Fire Chief Brian Bressner and Deputy Fire Chief Mike Mills didn’t hold back in their meeting with the Ottawa City Council on Friday morning as the department is hurting bad when it comes to staffing.
Bressner stated the department is operating with seven members down with the possibility of losing two more. Of the 27 firefighters available at full staff, it currently has 20.
This is shortage has been put a strain on the department with calls being at an all-time high and a staff that is seeing more injuries than the state and federal averages.
“We’re asking these guys that are running with 18 or 20 personnel to keep running for 4,000 calls, keep running to 12 to 15 calls a day,” Bressner said. “Every day is an overtime day, calling them currently once this morning and we called twice yesterday.”
Bressner said the firefighters don’t have much of a home life at this point and when they are home, their phones are ringing.
The department’s issues stem from the recruitment of new firefighters and retaining them.

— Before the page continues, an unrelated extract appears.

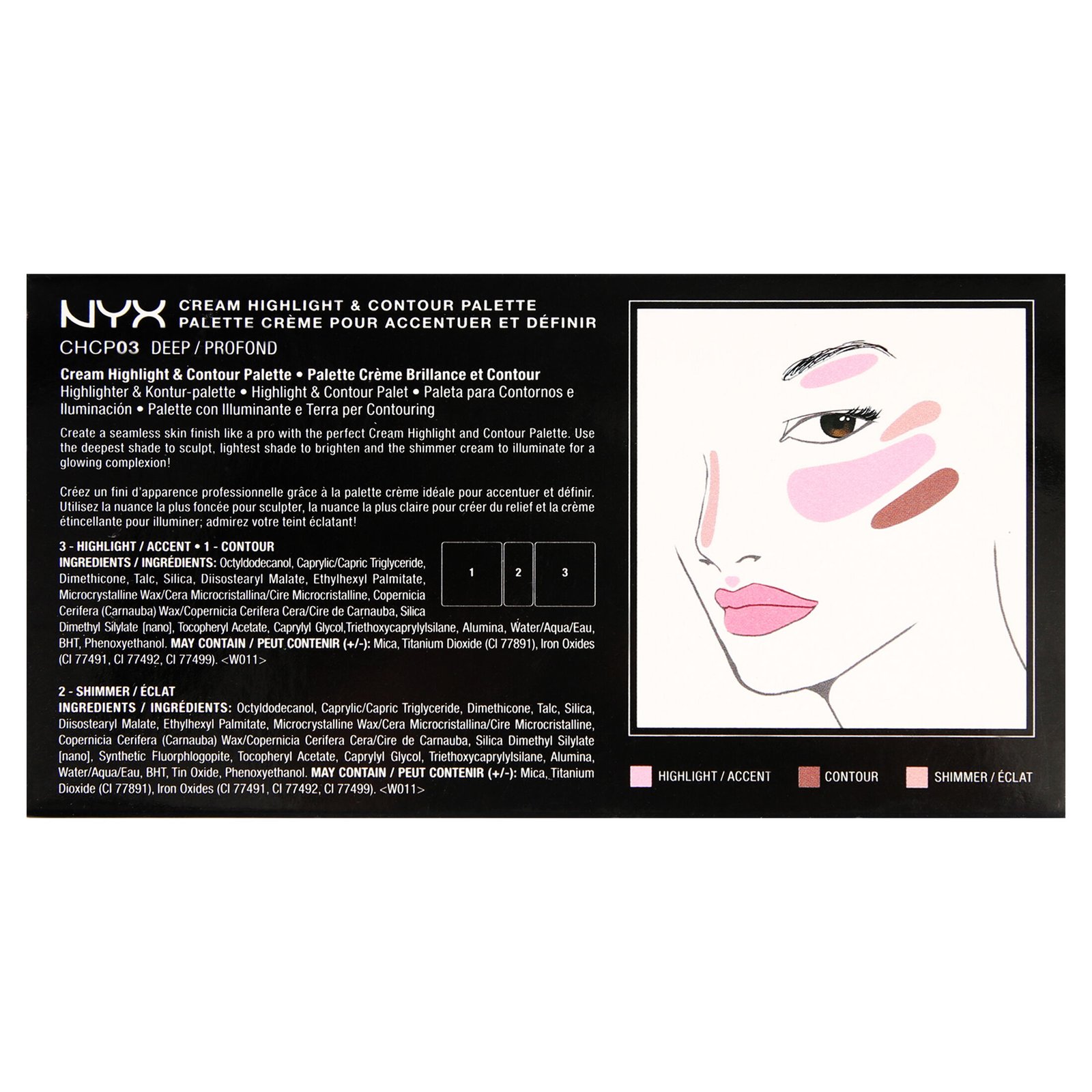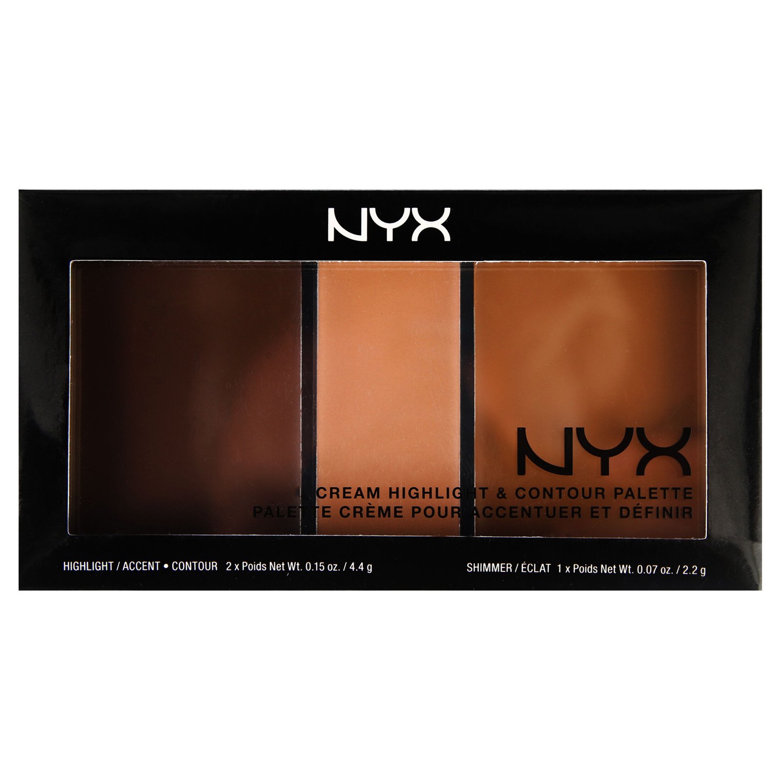 The NYX Professional Makeup cream highlight & contour palette contains three silky shades that work together to help you highlight, contour and illuminate your most beautiful natural features.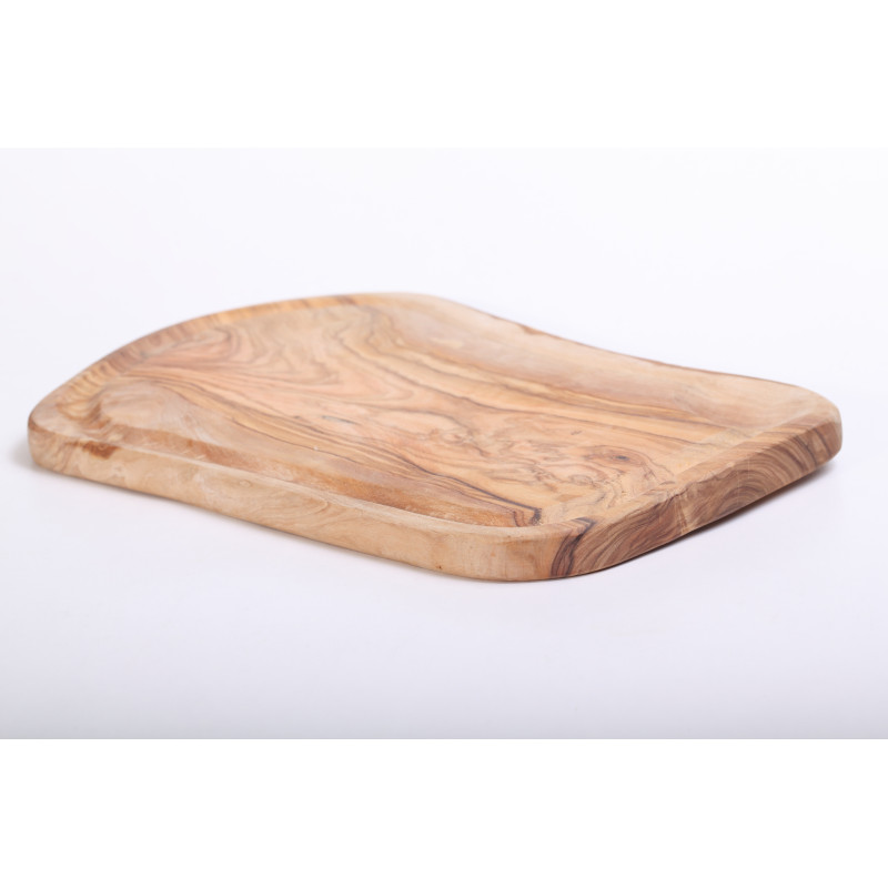 This serving & carving board with groove and small recess is of beautiful European olive wood.

Ottawa’s starting salary for a firefighter is in line with departments like Oswego, Naperville and Aurora, but it tops out at $75,218 per year while Oswego tops out at $94,816.
Bressner said the department only comes close to that number when factoring in the large amount of overtime firefighters are putting in because they’re short-staffed.

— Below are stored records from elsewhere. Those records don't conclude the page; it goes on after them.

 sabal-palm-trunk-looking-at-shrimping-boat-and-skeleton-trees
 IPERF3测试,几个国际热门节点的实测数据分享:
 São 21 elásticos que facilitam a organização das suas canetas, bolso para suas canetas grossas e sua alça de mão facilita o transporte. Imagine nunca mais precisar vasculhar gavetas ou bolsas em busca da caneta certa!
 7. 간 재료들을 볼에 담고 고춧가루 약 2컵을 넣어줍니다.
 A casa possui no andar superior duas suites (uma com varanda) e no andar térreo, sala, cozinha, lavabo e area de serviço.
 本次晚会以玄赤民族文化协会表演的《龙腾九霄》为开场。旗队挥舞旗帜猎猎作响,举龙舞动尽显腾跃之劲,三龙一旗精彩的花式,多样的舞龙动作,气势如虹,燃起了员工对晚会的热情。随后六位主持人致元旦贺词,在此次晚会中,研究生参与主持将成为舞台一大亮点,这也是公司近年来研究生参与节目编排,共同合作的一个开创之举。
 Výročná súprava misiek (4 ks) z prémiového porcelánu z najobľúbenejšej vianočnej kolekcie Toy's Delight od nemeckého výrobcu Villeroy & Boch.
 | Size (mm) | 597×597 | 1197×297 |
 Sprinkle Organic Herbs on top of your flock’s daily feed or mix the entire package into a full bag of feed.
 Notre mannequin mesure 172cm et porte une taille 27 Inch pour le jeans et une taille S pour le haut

“The city needs to be proud of what they’re doing because they’re doing more with less right now,” Bressner said. “I know there’s days when they come in and they’re cranky and tired and I feel their pain.”

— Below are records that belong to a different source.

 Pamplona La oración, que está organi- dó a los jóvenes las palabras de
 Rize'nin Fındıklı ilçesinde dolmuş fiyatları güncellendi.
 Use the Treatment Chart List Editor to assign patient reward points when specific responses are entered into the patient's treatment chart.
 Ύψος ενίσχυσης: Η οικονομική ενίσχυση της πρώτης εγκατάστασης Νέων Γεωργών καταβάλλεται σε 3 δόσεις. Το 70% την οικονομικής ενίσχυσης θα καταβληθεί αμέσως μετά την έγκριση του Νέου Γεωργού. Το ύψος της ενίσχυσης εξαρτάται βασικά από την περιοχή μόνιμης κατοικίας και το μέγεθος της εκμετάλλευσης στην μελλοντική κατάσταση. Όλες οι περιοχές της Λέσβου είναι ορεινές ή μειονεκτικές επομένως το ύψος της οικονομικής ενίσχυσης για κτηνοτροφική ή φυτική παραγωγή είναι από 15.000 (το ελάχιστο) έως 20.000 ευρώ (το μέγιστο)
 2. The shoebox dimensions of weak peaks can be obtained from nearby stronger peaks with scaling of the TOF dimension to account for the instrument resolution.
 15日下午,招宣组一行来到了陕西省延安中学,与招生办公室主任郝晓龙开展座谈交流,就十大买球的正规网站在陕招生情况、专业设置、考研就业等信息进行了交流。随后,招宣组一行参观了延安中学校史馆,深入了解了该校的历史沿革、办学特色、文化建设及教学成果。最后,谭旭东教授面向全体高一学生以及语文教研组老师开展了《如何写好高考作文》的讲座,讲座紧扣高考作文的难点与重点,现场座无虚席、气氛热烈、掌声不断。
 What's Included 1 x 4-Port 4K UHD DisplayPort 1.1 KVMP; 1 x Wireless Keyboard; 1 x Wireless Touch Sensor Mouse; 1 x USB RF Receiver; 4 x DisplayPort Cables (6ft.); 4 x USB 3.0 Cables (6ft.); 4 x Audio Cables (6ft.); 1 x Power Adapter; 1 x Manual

Mills said being so low on firefighters has limited the department’s ability to keep up on training and run special assignments like what he referred to as ‘pre-plans,’ which are inspections firefighters do to make sure there aren’t any hazards to firefighters or civilians.
“It handcuffs us for basically all of our operations, because right now we’re in survival mode,” Mills said. “We’re basically just trying to cover our emergency calls.”
Bressner’s presentation laid out a plan that would help the department build up a farm system of sorts that would allow it to train 18-year-olds interested in the fire service.
The plan would be to hire at 18 and train them over a three year process so when they turn 21, they can be hired already meeting all the training requirements set forth by the contract, although this is a solution that would take three years.
Mayor Dan Aussem said the city has also worked with a lobbyist along with other cities to see if there’s a way to change the age required to be a firefighter to 18 instead of 21, although he said there’s been some pushback and it may have to wait until after the election.
The department is also in need of new facilities, with station one at 301 Lafayette St. being in fair condition and the south side station at 1301 State St. being in poor condition.
Bressner said the department has outgrown both and is in need of a third station in the future and neither currently have room for expansion.
Commissioner Tom Ganiere, a retired firefighter, said the year he started the department ran 854 calls split about 50/50 between fire and medical calls, and over 90% of those were to the high rises for things like burnt food. Bressner’s numbers show that the department this year has run 4,154 calls.
“In 51 years, the fire department has only increased in size twice,” Ganiere said. “In 1971 when they built the Southside station I think they hired six or eight and then in 1995 they hired three more firefighters. That’s it. As we all know, if you’ve got a business and you increase your business five fold, you will increase your staffing or your business goes under.”
Many of the department’s needs, Bressner said, are universal among a lot of fire departments, and some of these can be addressed through grants.
During the upcoming City Council meeting at 7 p.m. on Tuesday at 301 W. Madison St., the city will vote on submitting two grant applications; one to help purchase new self-contained breathing apparatuses to replace the old ones and another called the SAFER grant, a federal grant that pays the first three years of salary for new firefighters in an effort to aid departments struggling to hire.